Getting Started
This is an example tuotrial which finds topic of BBC dataset using best combination for Pre-Processing and Community Topic Algorithm.
Step 1: import necessary class of the library
from communitytopic import CommunityTopic
from communitytopic import PreProcessing
Step 2: Load raw corpus as the dataset, here we are using BBC dataset.
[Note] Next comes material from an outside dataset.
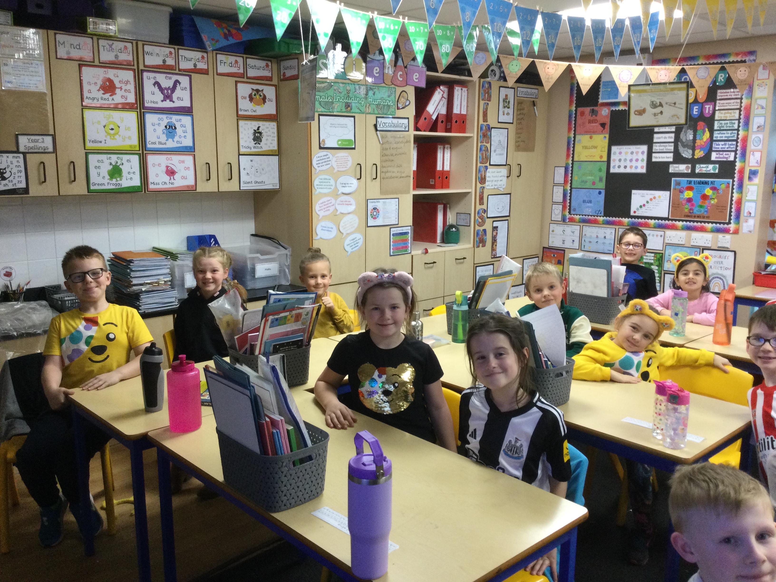 Today the children dressed as Rockstars, Number Blocks, Numbots or other number inspired themes, to raise money for the NSPCC. The children took part in various activities and challenges, related to number, throughout the day. They even tried to guess how many Jellybeans were in the jar!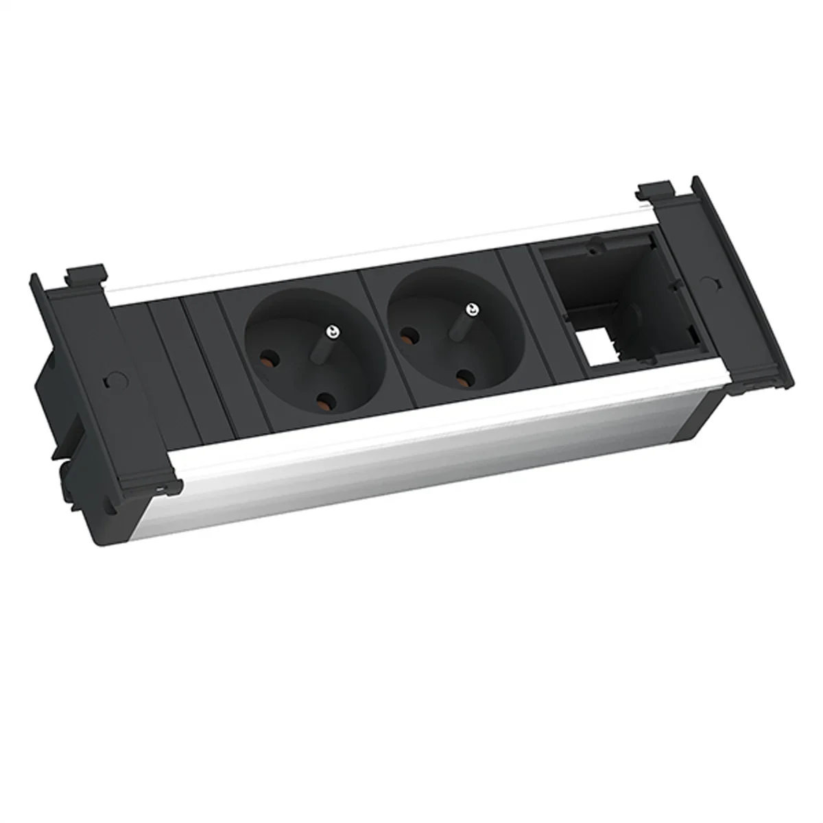 KAPSA S Steckdosenleiste 2xUTE Steckdosen Frankreich 1xCustom Modul leer Zuleitung: 2,0m H05VV-F 3G1,5mm² schwarz mit beigelegtem Schutzkontakt-Montagestecker, Optionales Zubehör: 1xDeckel verpackt im Karton.

with open("<Path-To-train-Dataset>/bbc_train.txt", "r", encoding='utf-8') as f:
bbc_train = f.read()
with open("<Path-To-Test-Dataset>/bbc_test.txt", "r", encoding='utf-8') as f:
bbc_test = f.read()
Step 3: Performing pre-processing on training and testing corpus
tokenized_bbc_train_sents, tokenized_bbc_train_docs, tokenized_bbc_test_docs, dictionary = PreProcessing.do_preprocessing(
train=bbc_train,
test=bbc_test,
ner=1,
pos_filter=3,
phrases="npmi",
phrase_threshold=0.35,
language="en")
Step 4: Applying Community Topic algorithm on pre-processed data
community_topic = CommunityTopic(train_corpus=tokenized_bbc_train_sents, dictionary=dictionary)
community_topic.fit()
Step 5: Get topic words founded by abovr algorithm
topic_words = community_topic.get_topics_words_topn(10)